As with past entries into the Walking with... series, some scientists feared that Sea Monsters sacrificed scientific accuracy for drama and entertainment. Parts of the series, such as mating behaviour of the various animals, can only ever be speculation and guess work, but it is not made clear what is and is not fact in the programme itself. Dawkins pointed out that "In Nigel Marven's past programmes they didn't give the viewer any indication of what is known and what is conjecture". In response to such fears, James stated that nothing in the series was said "unless there was some evidence for it".

== Influence ==
Palaeontologists have cited Sea Monsters as inspirational for their careers. Jack A. Cooper, who led a team investigating the body size of megalodon and published a study concerning it in 2020, cited the animal's appearance in Sea Monsters as the inspiration that made him pursue a career in palaeontology and inspired him to study the ancient shark. Cooper was six years old at the time the programme first aired and remembered being both terrified and captivated. Following the paper's publication, Nigel Marven tweeted his congratulations to Cooper.

== In other media ==

=== Companion book ===
Jasper James and Nigel Marven co-authored a companion book for the series, titled Sea Monsters: Prehistoric Predators of the Deep (published in the United States as Chased by Sea Monsters: Prehistoric Predators of the Deep). The book begins with a description of the Big Bang, before going through the seven periods of time featured in the series, from the Ordovician to the Pliocene, referred to as the "seven most deadly seas of all time". Each chapter features renderings of the animals as seen in the series and sidebars feature information about each of the featured animals, including how to pronounce their names, their classification, their size and their diet.

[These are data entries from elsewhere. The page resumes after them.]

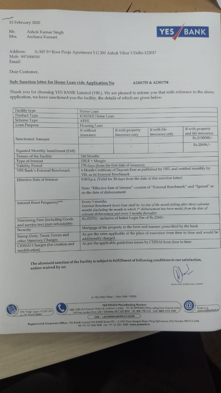 I have paid all my pending home loan amount and please find the copies of bill receipts enclosed with this letter. Benchmark rate to which the floating interest rate is linked along with applicable spread. A Home Loan Sanction Letter is based on eligibility.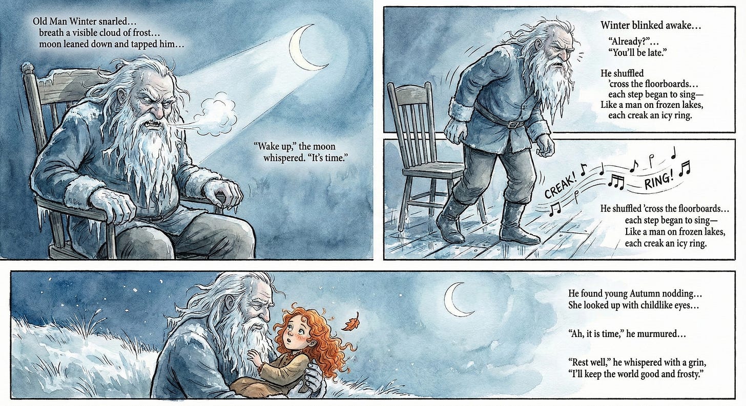 This was gorgeous. Soft, tender, and painted with real care. The way Winter carried Autumn like a grandfather tucking in his favorite child hit me right in the chest. It felt peaceful, almost protective. 🤍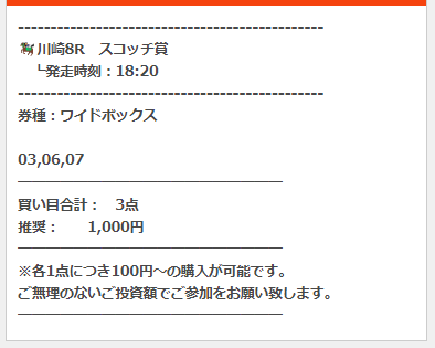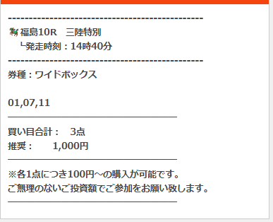 無料予想では安定した予想で無料とは思えないくらい稼ぐことができました。

In a review in The Science Teacher, LaRue Sellers praised the book, writing that despite it being based on a TV programme, the book "stands alone as an outstanding source of information about ocean predators from each geologic era". Sellers concluded that "this book would make a great addition to any high school teacher's library" and that "students could use it as a reference source, and they will definitely be captivated by the wonderful illustrations". A review of the book in Publishers Weekly called it "fascinating, if somewhat unsophisticated", lending much focus to more captivating aspects of prehistoric life such as size and teeth, and noted that "the book's combination of sensationalism, lurid graphics and solid scientific exposition is well judged to stimulate budding paleontologists".

=== Website ===
An accompanying website to Sea Monsters was launched in 2003, featuring a countdown list of the seven seas featured in the series, fact files on the different animals and a flash game, the Sea Monsters adventure game, where players complete tasks in order to survive the different prehistoric seas.

=== Exhibition ===
An exhibition based on the series, the Sea Monsters Exhibition, was held at the Bournemouth International Centre in Dorset from 23 July to 11 September 2011. The exhibition showcased large animals alive in the oceans today, such as the giant squid, great white shark and basking shark, alongside prehistoric sea creatures, such as Liopleurodon and Leedsichthys. In addition to creatures showcased in the Sea Monsters series, the exhibition also featured some animals that were not featured in the original series, such as the Cambrian predator Anomalocaris. Modern and prehistoric creatures were not presented just through photographs and renderings from Sea Monsters, but also in the form of full-scale models, created by Avalanche Studios, allowing visitors to see their size. Other interactive features of the exhibition included a sandpit, where children could dig for fossils, a painting station where children could paint their own dinosaurs, and a big green screen where visitors could see themselves next to various prehistoric sea creatures. In addition to depictions of the sea creatures themselves, the exhibition also included behind-the-scenes information on the technology and techniques used to bring the prehistoric animals "back to life".